* Exercise prompt
Print all entries below exactly, without images.

═══ Task inputs

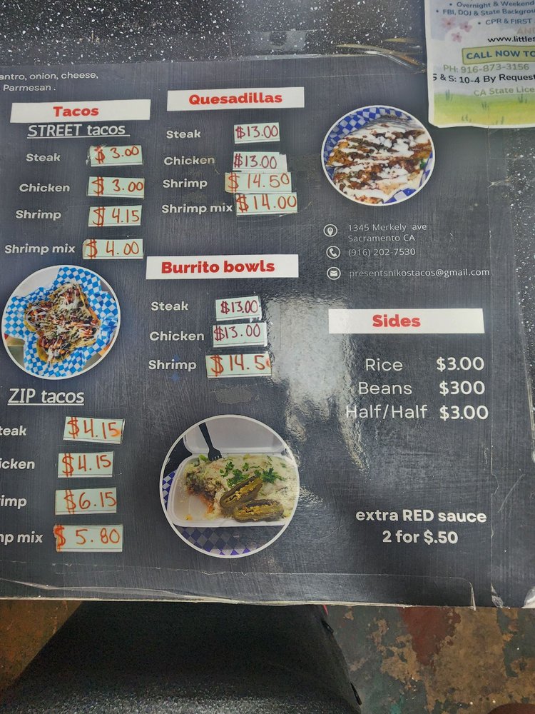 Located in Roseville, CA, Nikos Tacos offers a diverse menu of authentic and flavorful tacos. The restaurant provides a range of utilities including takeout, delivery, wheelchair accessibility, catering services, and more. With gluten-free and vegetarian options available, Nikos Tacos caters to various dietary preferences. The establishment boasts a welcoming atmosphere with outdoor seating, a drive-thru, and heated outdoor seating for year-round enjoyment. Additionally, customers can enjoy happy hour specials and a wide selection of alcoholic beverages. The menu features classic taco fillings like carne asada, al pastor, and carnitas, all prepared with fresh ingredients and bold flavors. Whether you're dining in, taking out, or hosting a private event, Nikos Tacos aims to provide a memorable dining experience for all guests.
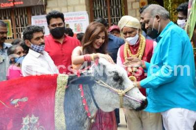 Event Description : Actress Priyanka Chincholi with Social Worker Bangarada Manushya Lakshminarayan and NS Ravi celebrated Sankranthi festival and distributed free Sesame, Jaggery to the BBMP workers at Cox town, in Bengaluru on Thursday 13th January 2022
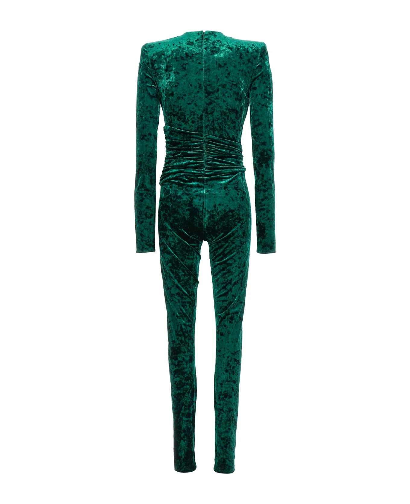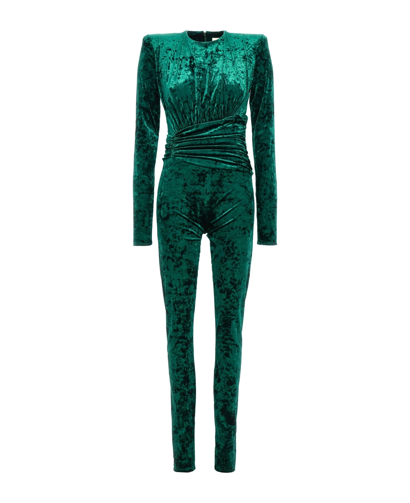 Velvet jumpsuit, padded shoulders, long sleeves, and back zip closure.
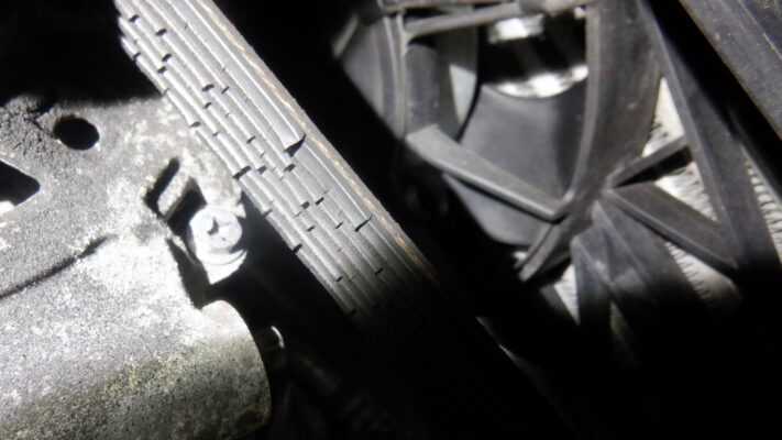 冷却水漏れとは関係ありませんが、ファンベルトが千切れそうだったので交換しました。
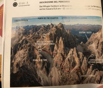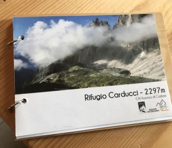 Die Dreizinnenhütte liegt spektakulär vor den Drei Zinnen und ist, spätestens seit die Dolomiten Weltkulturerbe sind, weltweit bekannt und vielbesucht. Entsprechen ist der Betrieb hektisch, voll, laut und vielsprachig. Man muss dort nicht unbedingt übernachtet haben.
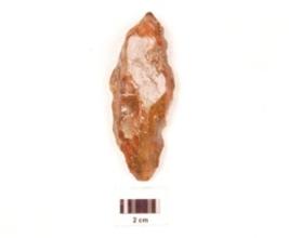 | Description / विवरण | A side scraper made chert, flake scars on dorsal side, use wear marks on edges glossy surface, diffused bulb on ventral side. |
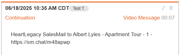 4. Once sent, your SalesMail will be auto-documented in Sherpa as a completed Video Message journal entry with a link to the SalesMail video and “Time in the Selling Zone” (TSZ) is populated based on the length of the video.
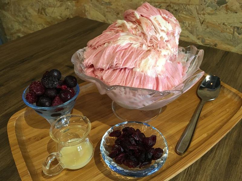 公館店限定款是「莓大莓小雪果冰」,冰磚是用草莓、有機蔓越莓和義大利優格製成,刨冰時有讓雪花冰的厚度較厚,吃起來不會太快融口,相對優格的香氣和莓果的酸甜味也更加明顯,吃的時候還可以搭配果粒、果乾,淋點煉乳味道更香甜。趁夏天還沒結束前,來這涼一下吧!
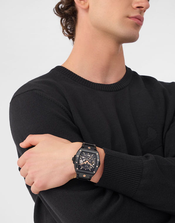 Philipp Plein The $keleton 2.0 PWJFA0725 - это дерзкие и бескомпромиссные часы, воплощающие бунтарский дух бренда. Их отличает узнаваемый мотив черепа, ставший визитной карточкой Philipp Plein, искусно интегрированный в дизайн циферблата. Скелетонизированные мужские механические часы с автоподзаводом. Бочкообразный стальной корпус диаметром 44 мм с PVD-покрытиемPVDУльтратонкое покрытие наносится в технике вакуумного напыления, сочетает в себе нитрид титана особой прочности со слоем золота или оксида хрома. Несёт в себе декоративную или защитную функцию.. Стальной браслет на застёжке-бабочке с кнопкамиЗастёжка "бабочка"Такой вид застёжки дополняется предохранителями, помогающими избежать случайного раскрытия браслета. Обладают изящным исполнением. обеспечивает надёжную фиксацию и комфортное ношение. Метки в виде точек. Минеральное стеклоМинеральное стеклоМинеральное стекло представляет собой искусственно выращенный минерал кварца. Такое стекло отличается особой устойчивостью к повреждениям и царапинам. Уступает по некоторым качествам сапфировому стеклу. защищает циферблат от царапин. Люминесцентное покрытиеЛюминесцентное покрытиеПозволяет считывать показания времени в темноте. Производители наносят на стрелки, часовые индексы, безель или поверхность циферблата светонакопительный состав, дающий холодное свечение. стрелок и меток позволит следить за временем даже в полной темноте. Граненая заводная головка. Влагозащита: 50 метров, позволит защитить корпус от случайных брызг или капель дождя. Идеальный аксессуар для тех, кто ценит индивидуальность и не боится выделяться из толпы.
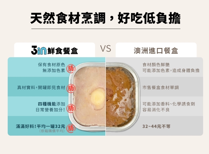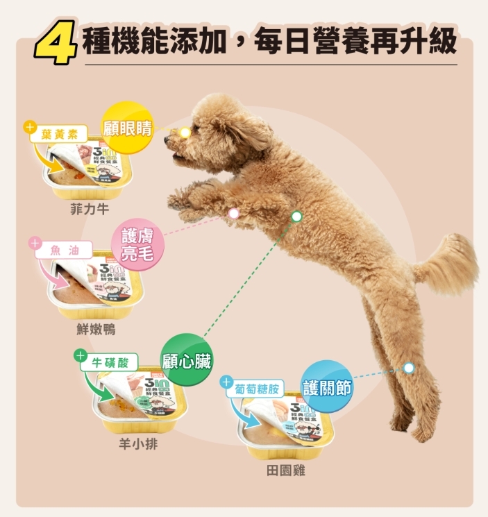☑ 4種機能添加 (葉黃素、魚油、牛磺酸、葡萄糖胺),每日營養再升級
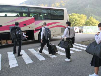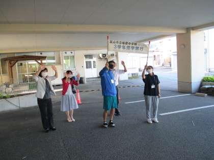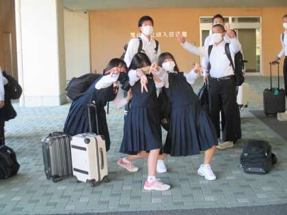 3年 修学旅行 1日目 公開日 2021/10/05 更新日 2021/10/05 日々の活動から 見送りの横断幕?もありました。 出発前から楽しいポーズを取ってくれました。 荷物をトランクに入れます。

══════

* Result
 Located in Roseville, CA, Nikos Tacos offers a diverse menu of authentic and flavorful tacos. The restaurant provides a range of utilities including takeout, delivery, wheelchair accessibility, catering services, and more. With gluten-free and vegetarian options available, Nikos Tacos caters to various dietary preferences. The establishment boasts a welcoming atmosphere with outdoor seating, a drive-thru, and heated outdoor seating for year-round enjoyment. Additionally, customers can enjoy happy hour specials and a wide selection of alcoholic beverages. The menu features classic taco fillings like carne asada, al pastor, and carnitas, all prepared with fresh ingredients and bold flavors. Whether you're dining in, taking out, or hosting a private event, Nikos Tacos aims to provide a memorable dining experience for all guests.
 Event Description : Actress Priyanka Chincholi with Social Worker Bangarada Manushya Lakshminarayan and NS Ravi celebrated Sankranthi festival and distributed free Sesame, Jaggery to the BBMP workers at Cox town, in Bengaluru on Thursday 13th January 2022
 Velvet jumpsuit, padded shoulders, long sleeves, and back zip closure.
 冷却水漏れとは関係ありませんが、ファンベルトが千切れそうだったので交換しました。
 Die Dreizinnenhütte liegt spektakulär vor den Drei Zinnen und ist, spätestens seit die Dolomiten Weltkulturerbe sind, weltweit bekannt und vielbesucht. Entsprechen ist der Betrieb hektisch, voll, laut und vielsprachig. Man muss dort nicht unbedingt übernachtet haben.
 | Description / विवरण | A side scraper made chert, flake scars on dorsal side, use wear marks on edges glossy surface, diffused bulb on ventral side. |
 4. Once sent, your SalesMail will be auto-documented in Sherpa as a completed Video Message journal entry with a link to the SalesMail video and “Time in the Selling Zone” (TSZ) is populated based on the length of the video.
 公館店限定款是「莓大莓小雪果冰」,冰磚是用草莓、有機蔓越莓和義大利優格製成,刨冰時有讓雪花冰的厚度較厚,吃起來不會太快融口,相對優格的香氣和莓果的酸甜味也更加明顯,吃的時候還可以搭配果粒、果乾,淋點煉乳味道更香甜。趁夏天還沒結束前,來這涼一下吧!
 Philipp Plein The $keleton 2.0 PWJFA0725 - это дерзкие и бескомпромиссные часы, воплощающие бунтарский дух бренда. Их отличает узнаваемый мотив черепа, ставший визитной карточкой Philipp Plein, искусно интегрированный в дизайн циферблата. Скелетонизированные мужские механические часы с автоподзаводом. Бочкообразный стальной корпус диаметром 44 мм с PVD-покрытиемPVDУльтратонкое покрытие наносится в технике вакуумного напыления, сочетает в себе нитрид титана особой прочности со слоем золота или оксида хрома. Несёт в себе декоративную или защитную функцию.. Стальной браслет на застёжке-бабочке с кнопкамиЗастёжка "бабочка"Такой вид застёжки дополняется предохранителями, помогающими избежать случайного раскрытия браслета. Обладают изящным исполнением. обеспечивает надёжную фиксацию и комфортное ношение. Метки в виде точек. Минеральное стеклоМинеральное стеклоМинеральное стекло представляет собой искусственно выращенный минерал кварца. Такое стекло отличается особой устойчивостью к повреждениям и царапинам. Уступает по некоторым качествам сапфировому стеклу. защищает циферблат от царапин. Люминесцентное покрытиеЛюминесцентное покрытиеПозволяет считывать показания времени в темноте. Производители наносят на стрелки, часовые индексы, безель или поверхность циферблата светонакопительный состав, дающий холодное свечение. стрелок и меток позволит следить за временем даже в полной темноте. Граненая заводная головка. Влагозащита: 50 метров, позволит защитить корпус от случайных брызг или капель дождя. Идеальный аксессуар для тех, кто ценит индивидуальность и не боится выделяться из толпы.
☑ 4種機能添加 (葉黃素、魚油、牛磺酸、葡萄糖胺),每日營養再升級
 3年 修学旅行 1日目 公開日 2021/10/05 更新日 2021/10/05 日々の活動から 見送りの横断幕?もありました。 出発前から楽しいポーズを取ってくれました。 荷物をトランクに入れます。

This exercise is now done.